(PART 2 OF A 3-PART SERIES)
As an experienced mediator, I have found several things attorneys can do to help facilitate settlement during the mediation process. Here are a few helpful tips regarding:
- The Opening Session
- The Plaintiff’s Room
- The Defendant’s Room
1. The Opening Session: Don’t pick anybody off 1st base.
The growing trend is for all parties to waive an opening session and immediately begin settlement negotiations. As a matter of fact, waiving an opening session has become so popular that mediators typically assume no party wants an opening session unless one side demands the same. If either party wants to have an opening session, it is a good practice to let the mediator and opposing counsel know a few days in advance so that the other side can adequately prepare. No one likes to get picked off first base, and if one side shows up at mediation demanding an opening session and the other side is not prepared for the same, the chances of settlement are greatly reduced.
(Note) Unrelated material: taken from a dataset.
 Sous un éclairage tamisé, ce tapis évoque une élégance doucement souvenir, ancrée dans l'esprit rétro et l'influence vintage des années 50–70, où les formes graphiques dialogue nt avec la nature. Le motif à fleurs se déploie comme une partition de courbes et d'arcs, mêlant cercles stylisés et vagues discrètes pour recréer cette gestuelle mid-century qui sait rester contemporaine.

2. The Plaintiff’s Room: Come to Jesus early and often.
While the general rule of thumb for an opening demand is typically “the sky’s the limit” and “we can start as high as we want,” remember, it doesn’t matter where you start, it matters where you finish. If you are going to start on the high side, it is important to also stay focused on the range of what is the true case value. This helps the parties and the mediator manage potential unrealistic expectations. For example, if the plaintiff’s room believes the case is worth $20,000 to $30,000, but are going to start with an opening demand of $100,000, it is important to remember and focus on the the value of this case being not $100,000, $75,000, or $50,000, but $20,000 - $30,000.It is also helpful to remember that starting with an unrealistically high demand, will likely require reducing that demand significantly as the other side moves up in smaller increments. Managing expectations is key to a successful mediation session. Simply stated, regular come‑to‑Jesus meetings and discussions regarding the case’s true value, and not the opening or current demand, help keep the focus on an ultimate goal and help lead to a reasonable settlement.
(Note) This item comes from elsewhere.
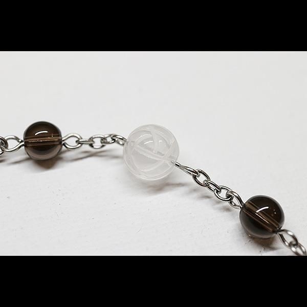 ●使用ビーズ:スモーキークォーツ6mm、薔薇彫りミルキークォーツ8mm
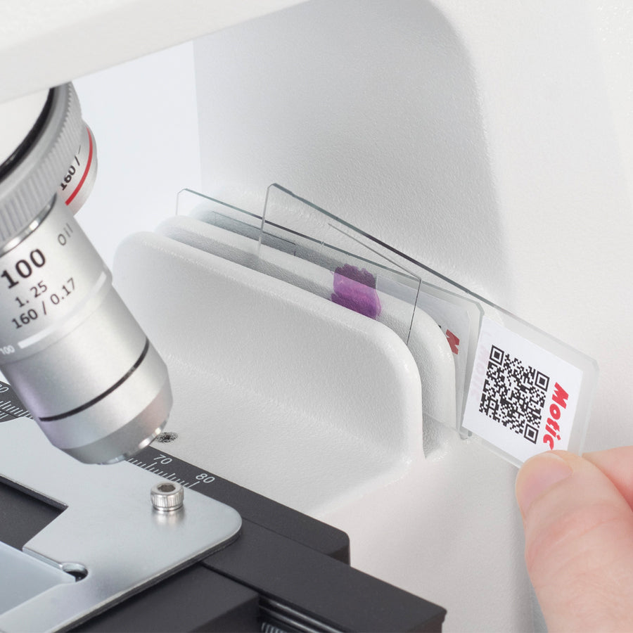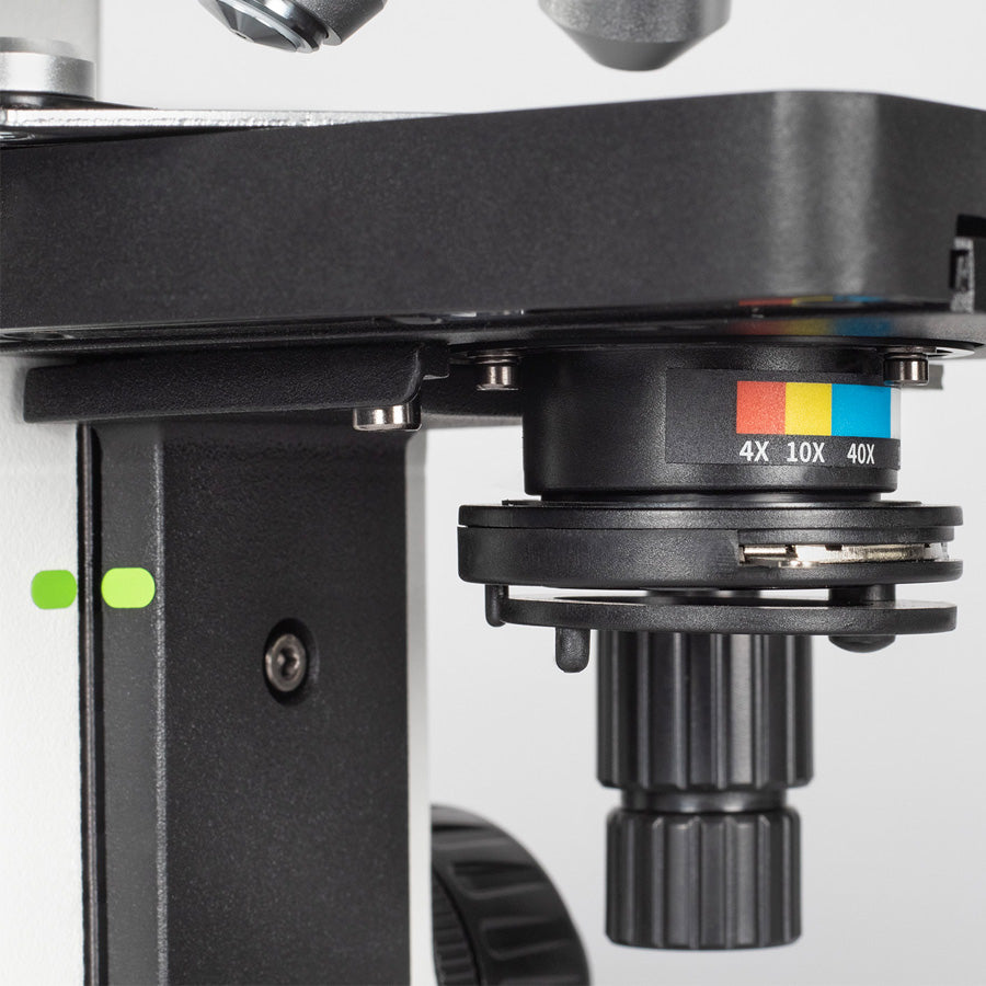 As guias de focagem e o sistema coaxial de focagem macro e micrométrica facilitam a aprendizagem, ajudando os alunos a alcançar a focagem ideal de forma rápida e intuitiva.

3. The Defendant’s Room: Help us manage expectations.
Assuming the plaintiff makes an unrealistic opening demand and perhaps equally unrealistic demands thereafter, the defendant can, in turn, respond with unreasonably low offers. We frequently hear, “If they are going to start that high, then we are going to start this low. ”The mediator then spends more time than is necessary managing tempers of the respective attorneys and parties. When an unreasonably high demand is initially made (and perhaps demands thereafter are still considered unreasonably high), the best practice is simply to ignore what the plaintiff’s room is doing and make offers based upon the true case value. While this may seem like a hard pill to swallow, it more often than not helps a mediator manage a plaintiff’s expectations and results in a successful mediation session.
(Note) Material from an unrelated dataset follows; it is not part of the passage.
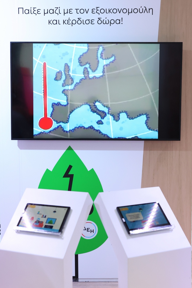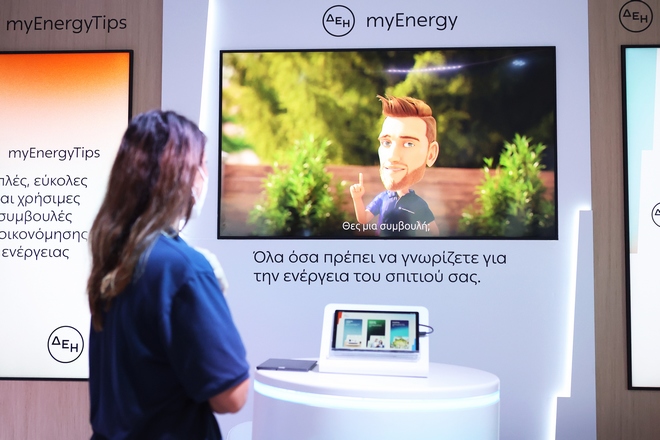 Στον ρόλο του «ξεναγού» σε αυτόν τον κόσμο, είναι ο ΔΕΗ my Energy Coach, που υποδέχεται τους επισκέπτες υπό μορφή avatar, απαντώντας σε πραγματικό χρόνο σε ερωτήσεις και απορίες, ως εξειδικευμένος σύμβουλος ενέργειας. Με γνώμονα το βιώσιμο αύριο και την πράσινη ενέργεια, η ΔΕΗ παρουσιάζει όλα τα προϊόντα και τις λύσεις για τη διαχείριση ενέργειας στο σπίτι, με μία απλή βόλτα στο περίπτερό της. Το πρόγραμμα ΔΕΗ my Energy που είναι διαθέσιμο και online, παρέχει έξυπνες συμβουλές και tips για τη μείωση κατανάλωσης του ρεύματος μέσα από τη χρήση των οικιακών συσκευών, με τη βοήθεια επεξηγηματικών βίντεο, ταινιών, ειδικής ξενάγησης σε tablet, αλλά και με την εφαρμογή «Εξοικονομούλης» που εξηγεί με απλά λόγια στους μικρούς μας φίλους τι μπορούν να κάνουν τα παιδιά για να εξοικονομούν ενέργεια!

Speaking of managing expectations, without disclosing to the mediator what a defendant’s top dollar will be in terms of a final offer, it is helpful for a defendant to disclose to the mediator early on in a mediation session the general range of an anticipated settlement. Having a basic understanding of where a mediator will need to guide a plaintiff’s expectations is critical to setting the tone early and leading discussions in the plaintiff’s room in order to facilitate a settlement.